I had a similar dillemma when I bought the 70-200mm is ii, except I couldn't bear to part with my 135mm f/2. I would have felt like I was giving up something that made photography special. The colours, size and sharpness are magic. Basically in this case I had to sell the 35 or 135 and went with the 35mm. If you don't absolutely love your 24mm ii, then try the zoom. If you absolutely love the 24mm ii and frequently use it at less than f/2.8 then you have a really difficult decision. As much as some people would probably flame me I didn't absolutely love my 35mm f/1.4. I could have kept it, but I really want an ultra wide angle lens and in that range I am definitely keen on a prime (TS-E 17 or 14ii) (aaargghhh $$$$$$$$$$), so it's swings and roundabouts.

Hope this helps,

dave


----------



## EvilTed (Sep 13, 2012)

Well I'm into street photography more than most other genres so bought the 24mm for that.
I tried using the 16-35 F/2.8 for street work but the results are too soft for my taste and the thing is kinda large.

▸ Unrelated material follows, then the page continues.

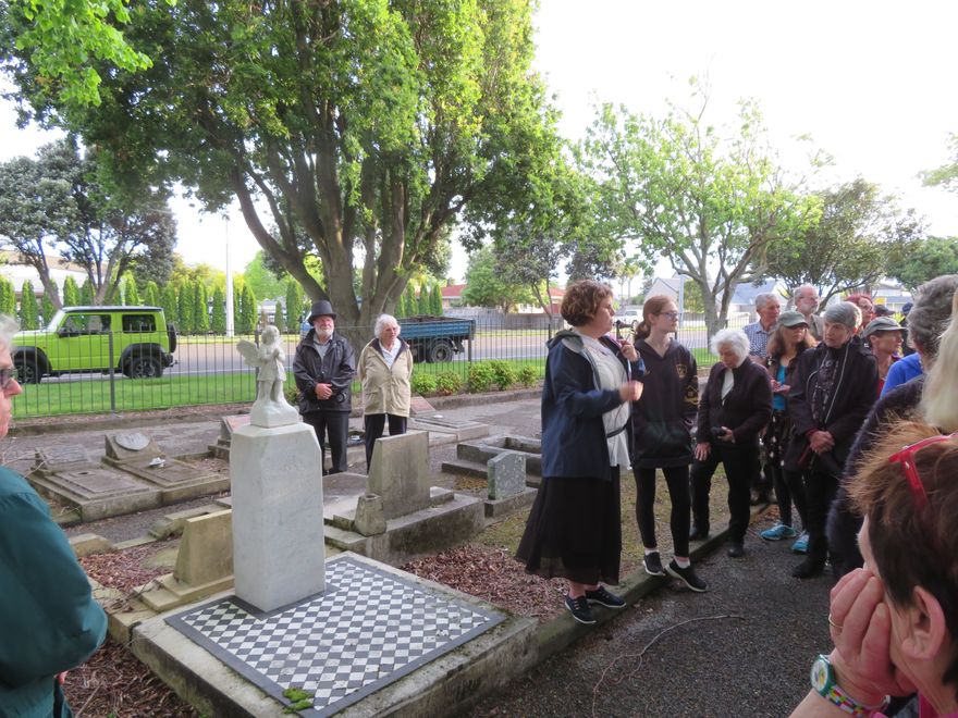 Terrace End Cemetery Tour hosted by Tina White and Leanne Hickman, part of the 13th Local History Week 2020. This is the grave of Violet May White, who died of diphtheria in 1923 when she was 10 years old, and is a relative of Palmerston North's writer Tina White.

The Canon 5D MK3 is fine with the 40mm Pancake for street work and I considered the new 28mm F/2.8 as a partner for it, but bought the 24mm F/1.4 instead.
I think it's rather large and heavy for my kind of street work and I'll keep using the Fuji X-Pro 1 for that.

I think I'll return the 24mm F/1.4 and pickup the new zoom. It's a better GP lens and mates well with the 16-35 F/2.8 II and 70-200 F/2.8 that I have.

Cheers

ET


----------



## dirtcastle (Sep 13, 2012)

For street primes, it seems like 35mm and 50mm primes are the most versatile lengths.


----------



## EvilTed (Sep 13, 2012)

Most of the old famous street photographers used wider, around 28mm being a favored length.

I use 24mmm 28mm, 40mm and sometime 50mm on FF.
Some people are taking candidate shots with 300mm and calling it street photography these days 

ET


----------



## hammar (Sep 13, 2012)

Interesting thread, I have a 5D3 and the 24/1.4II and was just thinking about the possibility of switching to the new zoom if it, in fact is sharper than the prime. I would like something more versatile, even though I use my prime mainly for landscape and street. I also like to shoot at night, so f/1.4 is nice to say the least.

I just ordered the 40mm to use when I want to be more discrete (good luck with the 5d3).

Too many decisions!


----------